After visiting all the grandparents, my daughter and I detoured to "The Forgotten Coast" of Florida. Highway 98 on the way to the old oyster town of Apalachicola takes you back in time to what people like to call the "real" Florida. The B&B we found had all the amenities we could want; a porch for porch sitting, proximity to beaches and good seafood plus a very old cemetery across the street.
Wild rosemary (Conradina canescens) in the foreground. The Garden Buzz
Winding through the piney woods, the forest is thick with squatty palms and brambles. Delicate rain lilies line the roadsides in the watery ditches. At the woods edge wild rosemary offers a lacy gray contrast to the tropical tones of green and gold.
Calling it Conradina canescens or false rosemary seems like such an insult. It looks like rosemary, grows like rosemary, blooms like rosemary, smells like rosemary. And my yet research can't tell me the real difference. I thought back to my herb lectures where I talked about rosemary and its Mediterranean roots, and wish I'd known about this endearing herb.
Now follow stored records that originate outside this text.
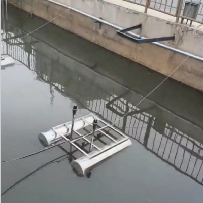 强力造流曝气机有漂浮式和沉水式两种安装方式,不需要专用的安装基础,根据需要灵活选用。如采用漂浮式安装方式,不论从安装、维护和日常管理上,都是十分便利的。
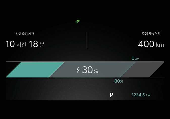 충전 중에 운전석 도어를 열 경우에도 클러스터에 충전 예상 소요 시간이 약 1분 동안 표시됩니다.
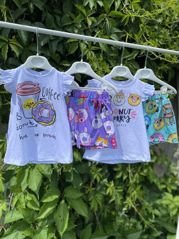 Солоденькі пончики, для маленьких красунь🩷 Яскраві комплекти на літо🔥 Гарна якісь, легка, дихаюча тканина кулір та оригінальний крій - це те, що робить данину модель зручною та надзвичайно привабливою😍 Прогулянки завжди будуть комфортними та наповнені яскравими кольорами 🌈 Розміри 86,98,110,122
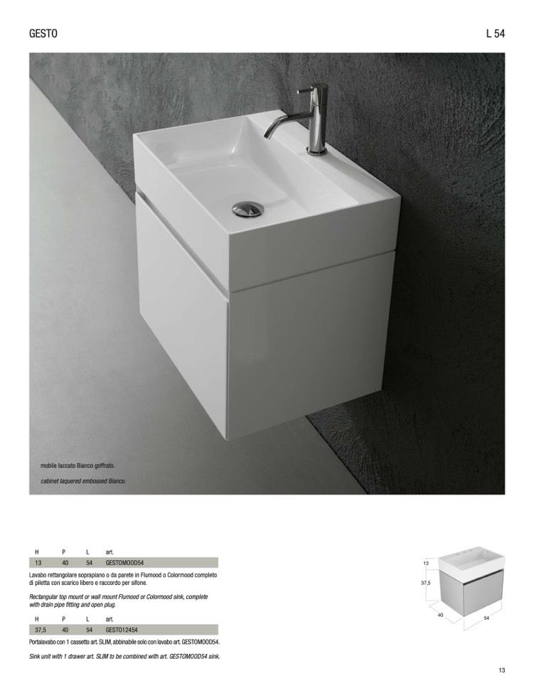 Portalavabo con 1 cassetto art. SLIM, abbinabile solo con lavabo art. GESTOMOOD54.
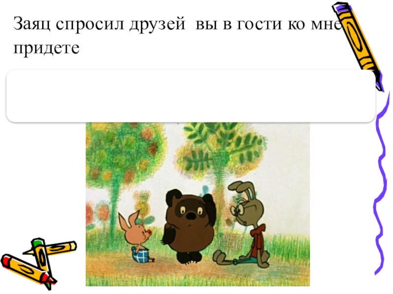 Слайд 84Заяц спросил друзей вы в гости ко мне придете
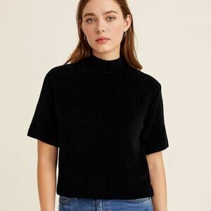 Upgrade your wardrobe with this Banana Republic Chenille Short Sleeve Mock Neck Top in Black, Size L. Crafted from luxuriously soft chenille, this top blends comfort with elevated style. The short sleeves and lightweight knit make it a versatile year-round piece, while the mock neck adds a chic, modern touch.
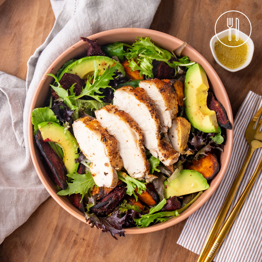 Roast chicken breast fillet with a vibrant salad of beetroot, carrot, avocado and mesclun leaves.

WIld rosemary on St. George Island, FL The Garden Buzz
Rosmarinus officialus along the streets of Apalachicola, Fl The Garden Buzz
Later on St. George Island, we were able to get up close and personal with this sweet rosemary. It grows in the sandy soil among the pines and oaks within the native areas of the state park. Like Rosmarinus officialus, it thrives on the salty and windswept margins of the seashore. Within a distance of twenty feet the scrubby little bushes bloomed a range of white to pale pink to milky blue.
In town cultivated rosemary grew like hedges along the streets and in the front yards of the rustic "cracker" shacks and hurricane-harried Victorians, blooming a brighter blue.
Later that evening in the restaurant, our bread came with rosemary butter. Using rosemary calls for subtlety; too much and it tastes soapy. The single sprig did the trick; with resinous notes of citrus and Christmas tree.
We skipped the usual souvenirs; opting for a few seashells, jars of tupelo honey and the faint fragrance of rosemary on our fingers. That must be why they say, "Rosemary is for remembrance".